Argentine novelist and academic

Mempo Giardinelli (born August 2, 1947) is an Argentine novelist and academic, author of numerous books, including novels, essay collections, and short story collections.

==Biography==
Giardinelli was born in Resistencia, Chaco Province. He enrolled at the National University of the Northeast, in neighboring Corrientes, in 1964. He enrolled in Law School, but left his law studies in 1969 to pursue writing and journalism. Giardinelli emigrated to Mexico following the March 1976 coup in Argentina; there, he taught journalism at the Ibero-American University from 1978 to 1984, and contributed to Mexico City-based business magazines Expansión and Forum. He became the first foreign writer to win Mexico's National Novelists' Prize in 1983 for his thriller, Luna Caliente.

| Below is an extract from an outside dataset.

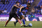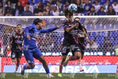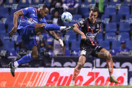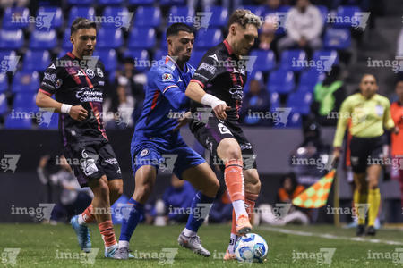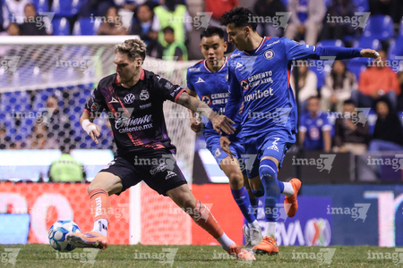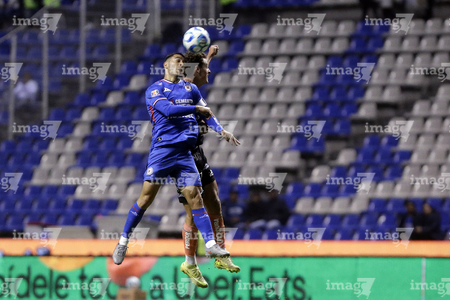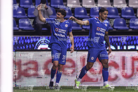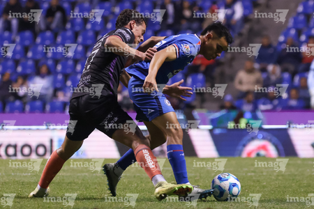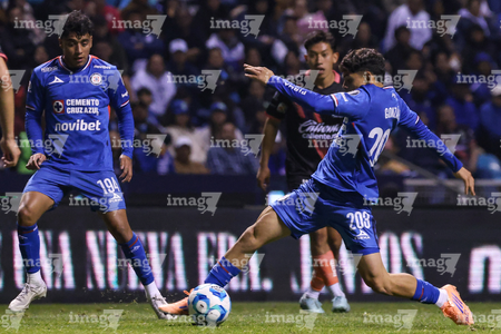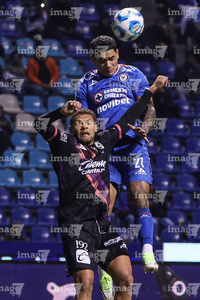 Puebla, Puebla, 17 de enero de 2026. José Pachuca y Amaury Morales, durante el partido correspondiente a la jornada 3 del torneo Clausura 2026 de la Liga BBVA MX, entre la Máquina Celeste del Cruz Azul y el Club Puebla, realizado en el estadio Cuauhtémoc. Foto: Imago7/Mireya Novo

Following elections in 1983 Giardinelli returned to Argentina. His novel Luna Caliente, a romantic thriller set in subtropical Corrientes during a heat wave, was adapted into film in 1985. He worked as Assistant Director at Playboy Magazine Argentina until 1985, covered the historic Trial of the Juntas, and later became a regular contributor to Página/12. Giardinelli founded a literary review, Puro Cuento ('Pure Fiction'), in 1986, and edited the review until its closure in 1992. He won the 1993 Rómulo Gallegos Prize (Venezuela) for his novel Santo Oficio de la Memoria.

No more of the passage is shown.